Infarctus: ces facteurs qui expliquent pourquoi le risque est bien plus élevé à Noël

Une étude a mis en évidence le risque accru de crises cardiaques le jour du réveillon de Noël.

Les risques d'infarctus sont plus élevé durant les fêtes de fin d'année.
Les risques d'infarctus sont plus élevé durant les fêtes de fin d'année. ©Shutterstock

Si la période des fêtes de fin d'année est synonyme de joie et bien souvent de repas à rallonge, elle met également notre corps à rude épreuve. En effet, une hausse du nombre d'infarctus du myocarde pendant les fêtes de Noël a été observée. Une récente étude réalisée par une équipe de chercheurs suédois l'a confirmé. Leurs résultats ont d'ailleurs été publiés dans le British Medical Journal.

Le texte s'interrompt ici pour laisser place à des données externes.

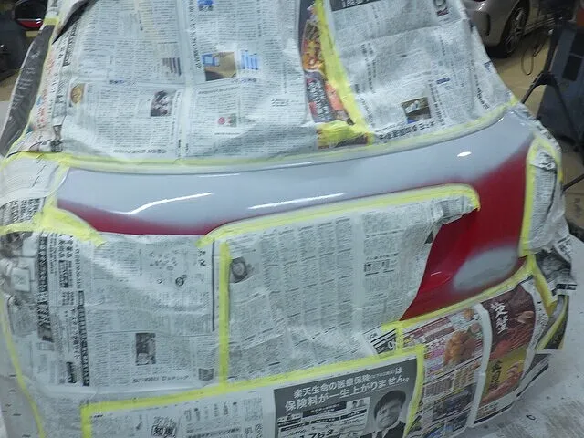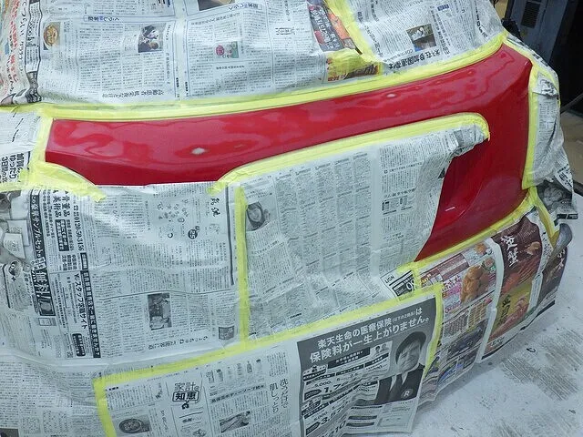 サフェーサーを研磨してペイント部分以外のボディをマスキングと言って養生紙で隠します。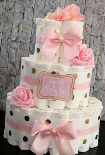 Üçmərtəbəli “diaper cake” – qız körpə üçün hədiyyə kompozisiyası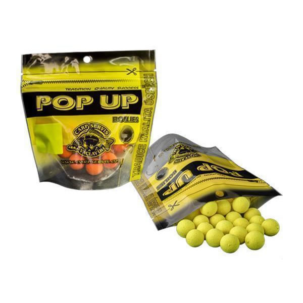 Plovoucí boilies Pop Up Carp Servis kopírují svými variantami klasické boilies v nabídce firmy Carp Servis Václavík. Předností je bezesporu značná stabilita vztlaku, a to i po více než 12 hodinách nastražení ve vodě. Je možné je snadno dodatečně dipovat v tekutých dipech, nejlépe však pomocí gelů. Funguje až do zámrzu.

Le 12 décembre dernier, l’American Heart Association publiait également une étude selon laquelle davantage de personnes sont victimes d’une crise cardiaque ou d’un accident vasculaire en décembre. Un pic a même été constaté le jour de Noël, c’est-à-dire le 24 décembre. Une consommation excessive de sel, d’aliments gras et d’alcool lors de ces festivités expose en effet notre organisme à un risque accru de crises cardiaques.

À ces facteurs de risques peuvent s’ajouter un stress important, qui peut être joyeux ou malheureux, mais aussi un lien avec le grand froid. On pense notamment à la course aux cadeaux, la fatigue accumulée pendant l’année et tous les préparatifs pour les festivités à venir. D’après les experts, cette hausse n’est pas majeure, mais reste quand même significative.

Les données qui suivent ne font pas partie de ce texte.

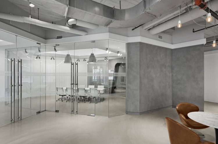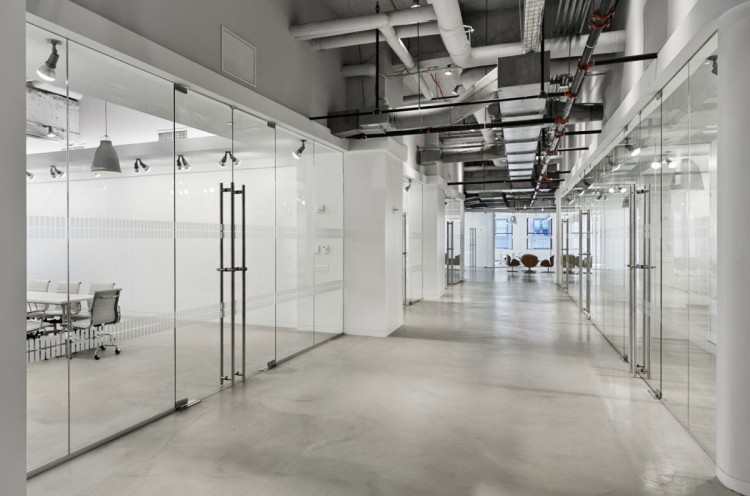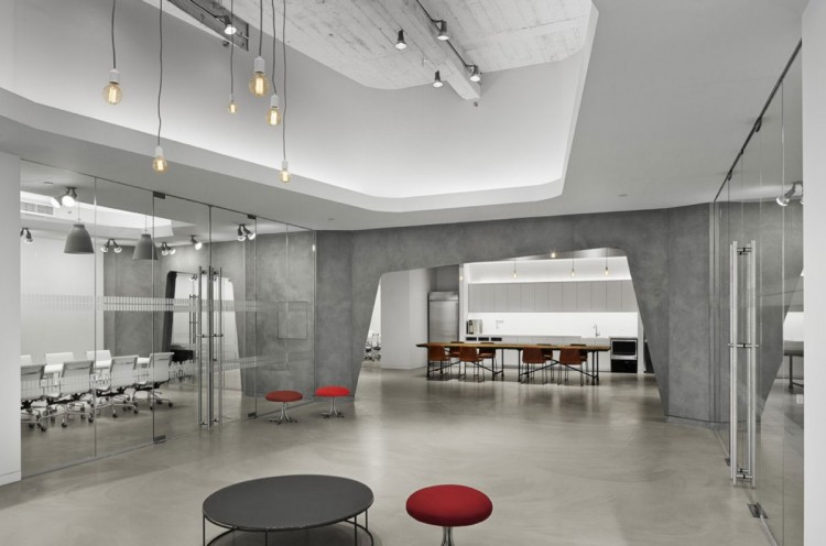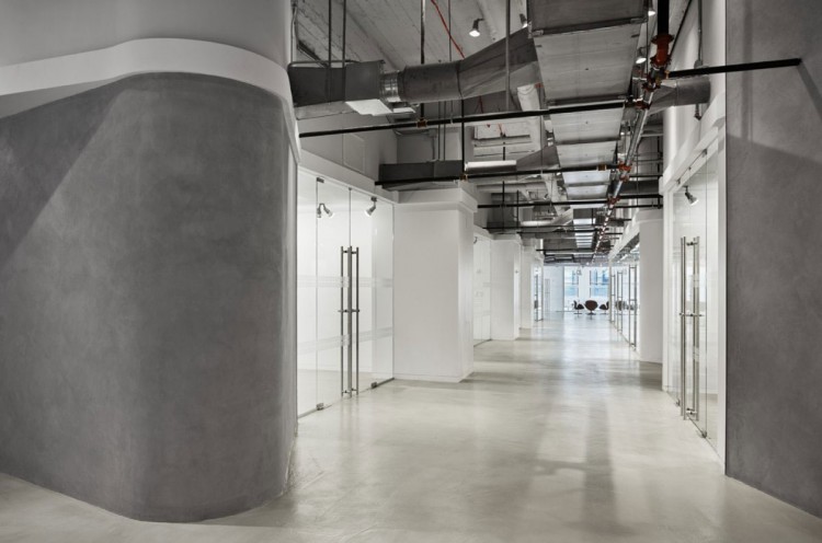 经典的空间设计案例,今日我们与大家分享的这个空间作品是Spacesmith建筑事务所为香港利丰有限公司在美国的分公司打造的办公空间。办公室坐落于纽约帝国大厦第五楼,面积超过了10万平方英尺,层高有17英尺,设计师们模仿了SOHO LOFT的设计风格,以水泥灰和纯白为主调铺陈,并加以暴露的钢筋与管件,还有不加雕琢的承重柱,来营造出硬朗冷峻的工业气息。虽然整个室内极少用到鲜亮色彩,但大量灯饰、窗户和落地玻璃的运用为空间带来了充足的光线与通透感,再配上不规则的特殊墙面切割,巧妙点出设计师强调的原始装饰风格与设计感。

Les personnes âgées et diabétiques les plus à risque

S’il n’existe pas une multitude d’études sur le sujet, les cardiologues estiment qu’il y a un risque, de l’ordre de 10 à 15 % en plus de faire un infarctus pendant les fêtes de fin d’année.

La ligue cardiologique belge rappelle que notre comportement quotidien cumulé à certaines petites anomalies de notre état de santé augmentent la probabilité d’être victime d’un problème cardiovasculaire.

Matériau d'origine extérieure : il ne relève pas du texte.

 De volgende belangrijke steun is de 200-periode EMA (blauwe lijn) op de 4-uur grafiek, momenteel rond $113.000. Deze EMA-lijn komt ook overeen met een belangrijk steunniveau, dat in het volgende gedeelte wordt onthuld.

Et parmi les facteurs de risque, on retrouve le tabagisme, l'hypertension, le cholestérol, le manque d'exercice, l'obésité, le diabète et l'alimentation. "En dépit des indéniables progrès de la médecine, les maladies cardiovasculaires restent le fléau numéro un en Belgique, responsables annuellement de plus du tiers des décès. Et dans 10 % des cas, ces décès frappent des sujets de moins de 65 ans", conclut-elle.